The Africa Report 2022/2023 by Knight Frank

Knight Frank’s ultimate guide to real estate market performance and opportunities in the world’s most exciting continent is out now. 

The 2022/23 Africa Report boasts coverage of property markets in 22 countries, including three market insight articles examining some of the most pressing issues facing real estate markets around the continent. 

Contact the team to discuss the findings in more detail, here.

For insight into what the report contains view a sample country case study below.

Country Focus: South Africa

2022 looks set to usher in a period of stability and growth for South Africa’s property sector, following Covid-induced challenges during 2020 and 2021.

Logistics and industrial sector leading the way

Industrial property, including logistics, is enjoying its lowest vacancy rate since mid-2020 (4.4%).

Rents rose by 1.4% during Q1, fuelled by the growing prominence of e-commerce and the recovery in the manufacturing and retail sectors. In addition, spiking global inflation and Covid-linked supply chain disruptions are prompting some importers to manufacture goods locally, contributing to the rising level of requirements we are recording.

Unsurprisingly, we expect logistics to continue outperforming other sectors in South Africa.

Retail bounces back as footfall recovers

The retail market made a strong comeback in 2021 and this has persisted into 2022. Larger regional centres in the more densely populated cities are experiencing trading levels that are almost back to pre-pandemic levels. As a result, improving demand is driving down vacancy rates and major retailers continue to report improved headline earnings as footfall recovers.

Elsewhere and like other rural markets on the continent, a preference for smaller, open-air convenience shopping, as well as neighborhood and community retail centres, persists.

Subdued conditions in the office market

With many companies still reworking existing space, or in some cases downsizing, due to the adoption of flexible work hours, the office market remains subdued.
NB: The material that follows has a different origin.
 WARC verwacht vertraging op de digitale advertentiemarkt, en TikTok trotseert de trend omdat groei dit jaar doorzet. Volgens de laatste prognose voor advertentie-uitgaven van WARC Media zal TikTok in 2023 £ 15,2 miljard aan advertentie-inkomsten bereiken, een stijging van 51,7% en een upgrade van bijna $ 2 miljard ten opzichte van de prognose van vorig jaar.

As these new post-Covid occupational strategies continue to be formulated, vacancy rates are rising and indeed reached an all-time high of 17.9% in Q1 2022.
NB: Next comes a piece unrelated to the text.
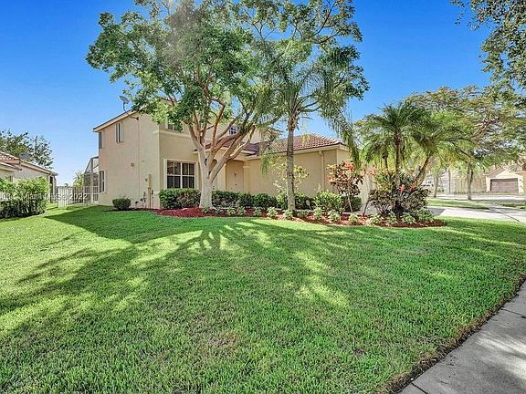 Beautiful Waterfront Home located in the desirable The Meadows, gated community in Weston. Spacious split floor plan with vaulted ceilings. 4 Bedrooms + an Office and 2.5 Baths. A large enclosed patio and a pool. Great for entertaining inside or outside with an amazing water view of a beautiful lake. All fans and light fixtures were replaced. The Master bedroom features 2 walk-in closets and an enormous bathroom with a shower, a Roman tub, double vanities, and a separate toilet. The kitchen features granite countertops, wood cabinets and newer appliances and all 3 bathrooms have been renovated. Bedrooms have wood flooring. The living areas are tiled. Roof remains original and AC 8yrs old. All windows have accordion shutters around patio.

Our expectation is for this to stabilise and gradually edge down in the short to medium term as business confidence returns and more companies return to offices on a full-time basis. There is already evidence of this in some submarkets where landlords have begun to retract generous incentives offered last year. 
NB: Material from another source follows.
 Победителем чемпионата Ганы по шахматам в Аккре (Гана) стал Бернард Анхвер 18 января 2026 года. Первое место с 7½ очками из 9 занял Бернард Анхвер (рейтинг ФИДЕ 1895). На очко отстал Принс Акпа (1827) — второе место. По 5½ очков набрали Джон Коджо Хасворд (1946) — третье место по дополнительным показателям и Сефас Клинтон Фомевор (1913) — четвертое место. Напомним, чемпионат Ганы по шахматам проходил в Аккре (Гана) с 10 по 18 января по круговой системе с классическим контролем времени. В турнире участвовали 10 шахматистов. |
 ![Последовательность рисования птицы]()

Separately, with the focus remaining centred on best-in-class space, there is also a growing trend for the conversion of Grade B and Grade C office buildings to alternate uses such as apartments, student accommodation, or indeed, storage space and educational, or medical facilities.

Residential market set for slowdown

Throughout the pandemic, the residential market experienced “normal” sales transaction levels across all price brackets, despite rising inflation and three recent consecutive increases in mortgage rates. In 2020, first time buyers were notably active, buoyed by all-time low lending rates. This year however, we expect this trend will moderate as the interest rate starts to creep up, which we expect will be sustained for the next three years.

An Area to Watch

Cape Town is expected to be an outperformer in the property market due to the overall perception of the province as having a well-functioning local government and an attractive lifestyle. The province remains a magnet for skilled and affluent immigrants, often with high purchasing power and disposable incomes. Unsurprisingly, residential rents in the region are 1.7% higher than this time last year. In contrast, Johannesburg has experienced a 2% fall in average rental rates over the same period.